- **Information provided**:
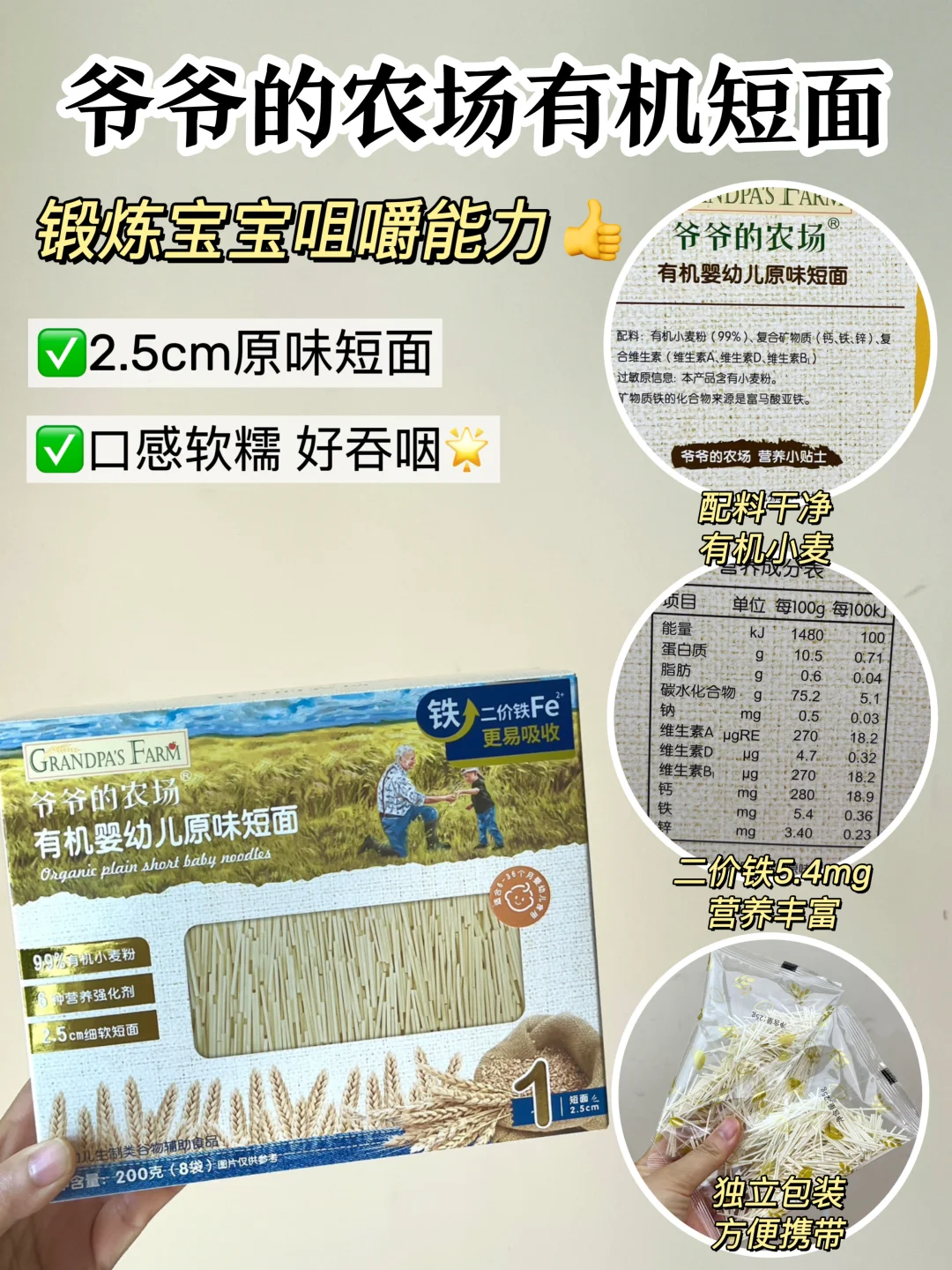 宝宝的第一口面我选的是爷爷家有机短面🔆配料表干净,没有添加剂,而且营养很丰富,除了二价铁5.4mg以外,还有其他微量元素。2.5cm长度3分钟就能煮熟,软糯不结坨,宝宝一抿就断,很好吞咽。
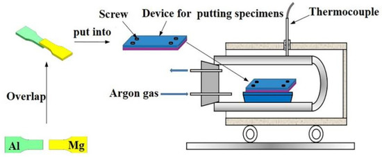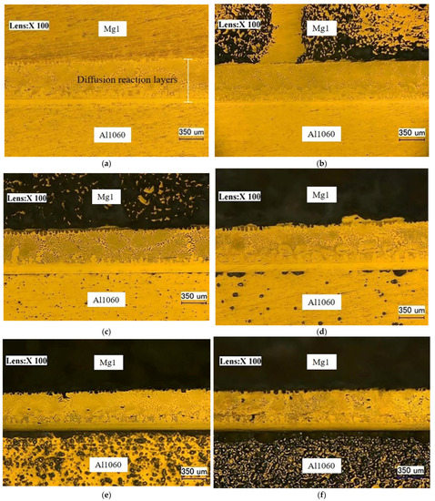 With the continuous and rapid development of modern industrial technology, the sustainable development of lightweight materials for environmental protection and energy savings has attracted more and more attention in today’s society [1]. Magnesium and aluminum are two lightweight nonferrous metals of low density and high specific strength compared to common structural materials such as steel. Their alloys have been widely used in global transportation, especially in the automotive and aerospace industries [2,3,4]. At present, rolling, bonding, and welding are commonly used processes by which it is possible to achieve an effective combination of Mg and Al heterogeneous metals. These processes not only result in an optimization of the structural qualities but also take full advantage of the respective metals’ properties [5,6]. The welding methods that are used at present in realizing the combination of Mg/Al heterogeneous metals mainly include laser welding [7], TIG welding [8], stir friction welding [9,10], diffusion welding [11,12], and ultrasonic welding [13]. The chemical reactivities of magnesium and aluminum are relatively high, and defects such as oxidation, cracks, and pores can easily appear in the process of traditional fusion welding. Vacuum diffusion welding is a solid-state welding method that uses a low heat input during the welding process. As a result, the metal base material does not melt; it only undergoes a microscopic plastic deformation at the surface. The quality of the welded joint is, therefore, relatively stable. This method is suitable for welding metal materials with different physical properties, such as the coefficient of thermal expansion. It is, thus, applicable to magnesium and aluminum.
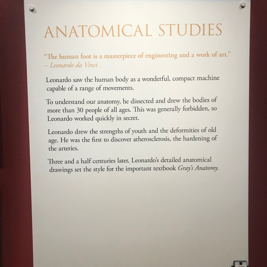 The exhibit also had a section on da Vinci’s anatomic drawings and his famous Virtuvian Man . Here are a couple images from that section:
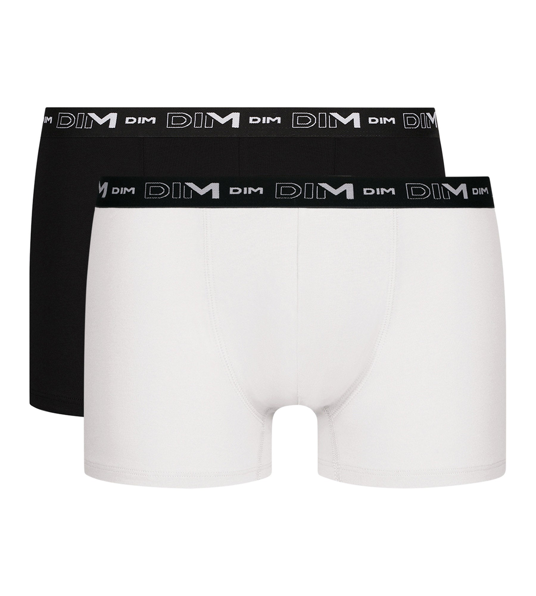 Kombiniere Komfort und zeitlosen Stil mit dem 2er-Pack Herren-Boxershorts Dim Coton Stretch Weiß und Schwarz.
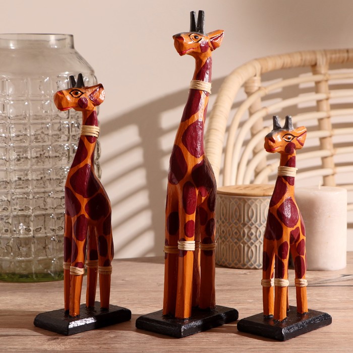 Статуэтки жирафов — отличный способ добавить изысканности и оригинальности вашему интерьеру. Эти грациозные создания, выполненные в виде декоративных фигур, привнесут в ваш дом атмосферу дикой природы и экзотики. Они могут стать как центральным элементом декора, так и изящным дополнением к уже существующему интерьеру.
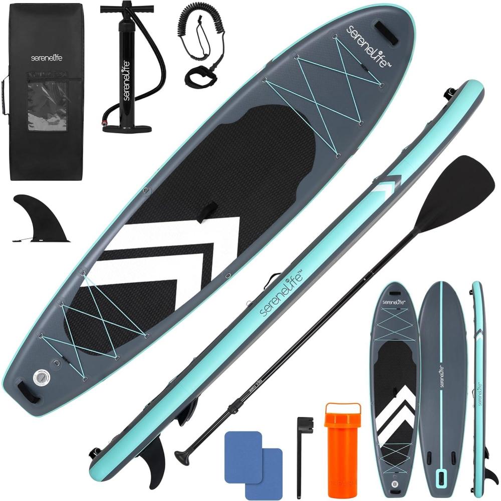 VERSATILE SUP BOARD: Great for lakes, rivers, or ocean adventures. Perfect for paddling, yoga, fishing, and more. The lightweight, portable design easily deflates to fit in the included backpack – ideal for family trips and off-season storage.

- **Problem description**:
What is needed is the whole listing again, set down exactly, without its pictures.

- **Your response**:
 宝宝的第一口面我选的是爷爷家有机短面🔆配料表干净,没有添加剂,而且营养很丰富,除了二价铁5.4mg以外,还有其他微量元素。2.5cm长度3分钟就能煮熟,软糯不结坨,宝宝一抿就断,很好吞咽。
 With the continuous and rapid development of modern industrial technology, the sustainable development of lightweight materials for environmental protection and energy savings has attracted more and more attention in today’s society [1]. Magnesium and aluminum are two lightweight nonferrous metals of low density and high specific strength compared to common structural materials such as steel. Their alloys have been widely used in global transportation, especially in the automotive and aerospace industries [2,3,4]. At present, rolling, bonding, and welding are commonly used processes by which it is possible to achieve an effective combination of Mg and Al heterogeneous metals. These processes not only result in an optimization of the structural qualities but also take full advantage of the respective metals’ properties [5,6]. The welding methods that are used at present in realizing the combination of Mg/Al heterogeneous metals mainly include laser welding [7], TIG welding [8], stir friction welding [9,10], diffusion welding [11,12], and ultrasonic welding [13]. The chemical reactivities of magnesium and aluminum are relatively high, and defects such as oxidation, cracks, and pores can easily appear in the process of traditional fusion welding. Vacuum diffusion welding is a solid-state welding method that uses a low heat input during the welding process. As a result, the metal base material does not melt; it only undergoes a microscopic plastic deformation at the surface. The quality of the welded joint is, therefore, relatively stable. This method is suitable for welding metal materials with different physical properties, such as the coefficient of thermal expansion. It is, thus, applicable to magnesium and aluminum.
 The exhibit also had a section on da Vinci’s anatomic drawings and his famous Virtuvian Man . Here are a couple images from that section:
 Kombiniere Komfort und zeitlosen Stil mit dem 2er-Pack Herren-Boxershorts Dim Coton Stretch Weiß und Schwarz.
 Статуэтки жирафов — отличный способ добавить изысканности и оригинальности вашему интерьеру. Эти грациозные создания, выполненные в виде декоративных фигур, привнесут в ваш дом атмосферу дикой природы и экзотики. Они могут стать как центральным элементом декора, так и изящным дополнением к уже существующему интерьеру.
 VERSATILE SUP BOARD: Great for lakes, rivers, or ocean adventures. Perfect for paddling, yoga, fishing, and more. The lightweight, portable design easily deflates to fit in the included backpack – ideal for family trips and off-season storage.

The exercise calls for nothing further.